Wednesday, 12 January 2011
Cailleach and Bride
Cailleach and Bride:
At least one tradition views Bride and the Cailleach as being one and the same, with the Cailleach drinking from the Well of Youth at the beginning of each spring, whereby she is transformed into the youthful Bride. However most traditions in Scotland have them firmly pitted against each other as two differing personalities. Just like the sovereignty goddesses of Irish literature, who appeared as old hags or transformed themselves into beautiful young maidens upon being recognised by kings, the Cailleach has obvious transformative abilities.
In spite of losing her reign at spring, the Cailleach does not give up her struggle to regain control easily. As Bride is said to go around with her wand causing vegetation to grow and flourish, the Cailleach is also said to go around blasting it with her own wand, until she is finally overcome.
This lore is encapsulated in perhaps the best known tale dealing with this legend, in Mackenzie's The Coming of Angus and Bride. Here, the Cailleach holds Bride captive because she is jealous of her beauty and because her son Angus is in love with the maiden. The Cailleach tells Bride to wash her cloak until it is white and so Bride labouriously does as she is bid, day after day without making any progress. The cloak remains as brown as ever until Father Winter appears and helps her out. Overjoyed, Bride returns to the Cailleach with the white cloak, and some snowdrops that Father Winter also gave her. Enraged by the sight of the flowers – clear evidence that the Cailleach's power was waning, she goes out with her magic hammer and causes frosts and storms all over the land.

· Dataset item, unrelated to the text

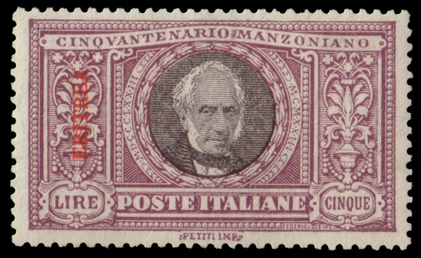 ERITREA 1924 "Alessandro Manzoni". 5 lire violetto e nero Ottima centratura. P

Meanwhile, Angus dreams of the beautiful Bride and sees her terrible plight at the hands of the Cailleach. He sets out to rescue her, and in order to do so borrows three days from August, when the weather is calm and warm, to ensure a safe passage to where Bride is being kept. Searching high and low, and suffering great peril at the hands of the Cailleach who knew what he was about, Angus was finally united with his love on the first day of spring – Bride's Day. They married, and the Cailleach grew even more outraged and sent her hags to wage war against him and the brief respite from the harsh weather was marred once again by cold and frost as a result of the Cailleach borrowing three days from winter in her campaign against the forces of spring. Angus, however, determined to rule with his queen as King of Summer, fought back and eventually the hag was defeated. The Cailleach fled, and sitting on top of a mountain she wept and mourned for her loss.
It was on that day that Bride dipped her fair white hands in the high rivers and lochs which still retained ice. When she did so, the Ice Hag fell into a deep sleep from which she could not awake until summer and autumn were over and past.
Cailleach Bheur is said to reside at Ben Nevis, and ushers in the winter at Samhain by washing her cloak in the Corryvreckan (Coire Bhreacain - “the Cauldron of the Plaid” - a whirlpool found between the islands of Jura and Mull, which has a fearsome reputation of being unnavigable) – because no loch was big enough for it. Three days before she takes up her winter reign, three of her servants stir up the water to make it ready for her. The Cailleach then washes her cloak until it is white” (i.e. Covered in snow), and brings the cold, ice, snow, storms and is also said to cause the rivers to overflow throughout the winter.